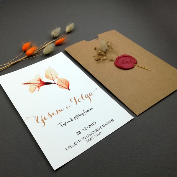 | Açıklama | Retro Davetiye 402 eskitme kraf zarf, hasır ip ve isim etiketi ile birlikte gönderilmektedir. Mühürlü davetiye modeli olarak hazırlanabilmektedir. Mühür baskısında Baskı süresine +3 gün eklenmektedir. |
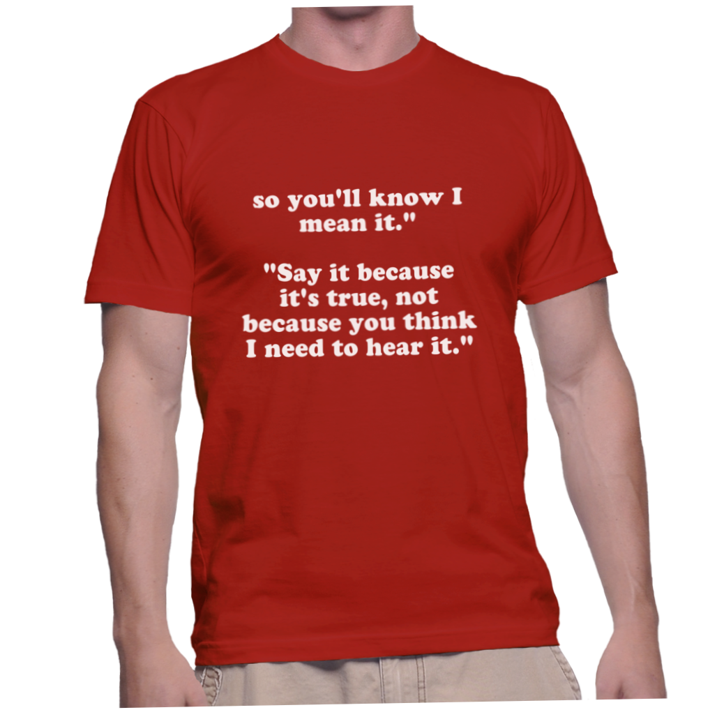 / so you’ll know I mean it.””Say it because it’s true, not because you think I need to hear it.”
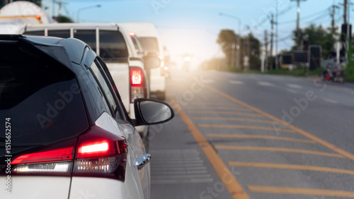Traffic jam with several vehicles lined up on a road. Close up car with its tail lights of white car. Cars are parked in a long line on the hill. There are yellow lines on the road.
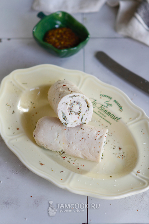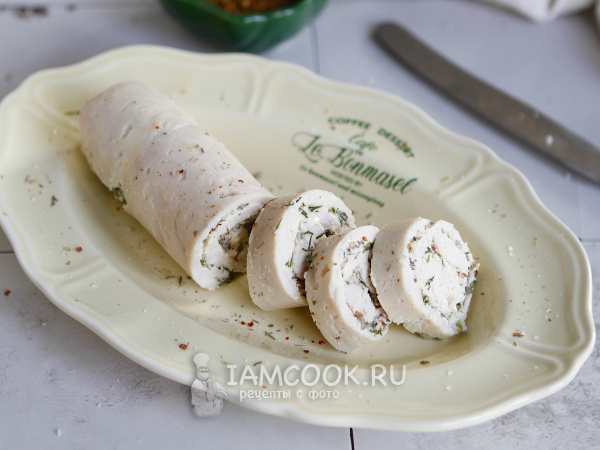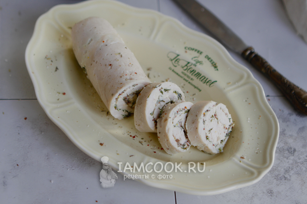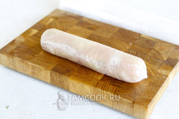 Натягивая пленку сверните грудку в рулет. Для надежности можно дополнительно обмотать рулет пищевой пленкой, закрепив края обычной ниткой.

* * *

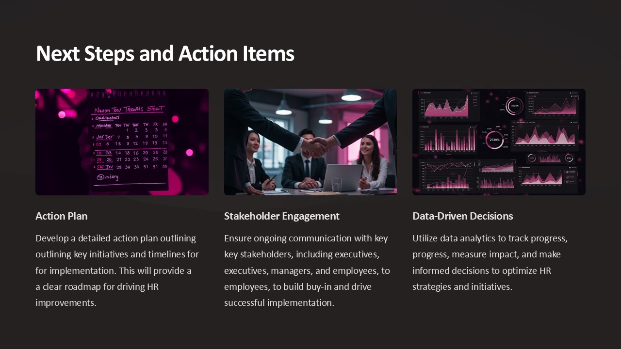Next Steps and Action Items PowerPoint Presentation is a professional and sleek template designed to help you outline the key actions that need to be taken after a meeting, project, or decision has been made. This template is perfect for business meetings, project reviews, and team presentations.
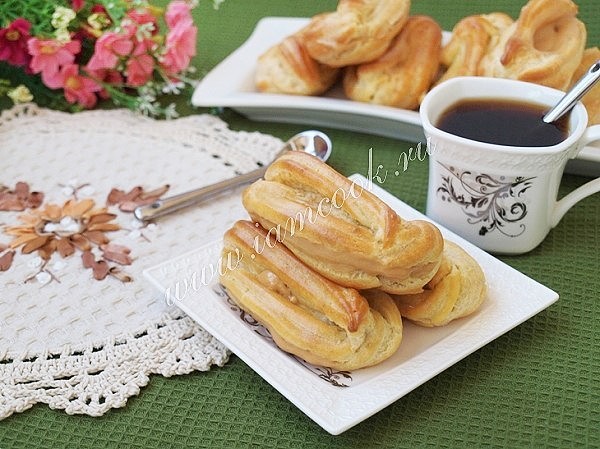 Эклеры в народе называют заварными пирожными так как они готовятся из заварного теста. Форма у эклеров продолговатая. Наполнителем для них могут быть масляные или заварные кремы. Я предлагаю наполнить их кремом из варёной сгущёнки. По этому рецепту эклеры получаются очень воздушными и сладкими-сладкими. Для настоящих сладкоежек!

- **THE PROBLEM**
Output exactly the lines of the listing above that start with the one holding "gün eklenmektedir. |" and go on through the one holding "Натягивая пленку сверните"; leave the pictures out.

- **ANSWER**
 | Açıklama | Retro Davetiye 402 eskitme kraf zarf, hasır ip ve isim etiketi ile birlikte gönderilmektedir. Mühürlü davetiye modeli olarak hazırlanabilmektedir. Mühür baskısında Baskı süresine +3 gün eklenmektedir. |
 / so you’ll know I mean it.””Say it because it’s true, not because you think I need to hear it.”
Traffic jam with several vehicles lined up on a road. Close up car with its tail lights of white car. Cars are parked in a long line on the hill. There are yellow lines on the road.
 Натягивая пленку сверните грудку в рулет. Для надежности можно дополнительно обмотать рулет пищевой пленкой, закрепив края обычной ниткой.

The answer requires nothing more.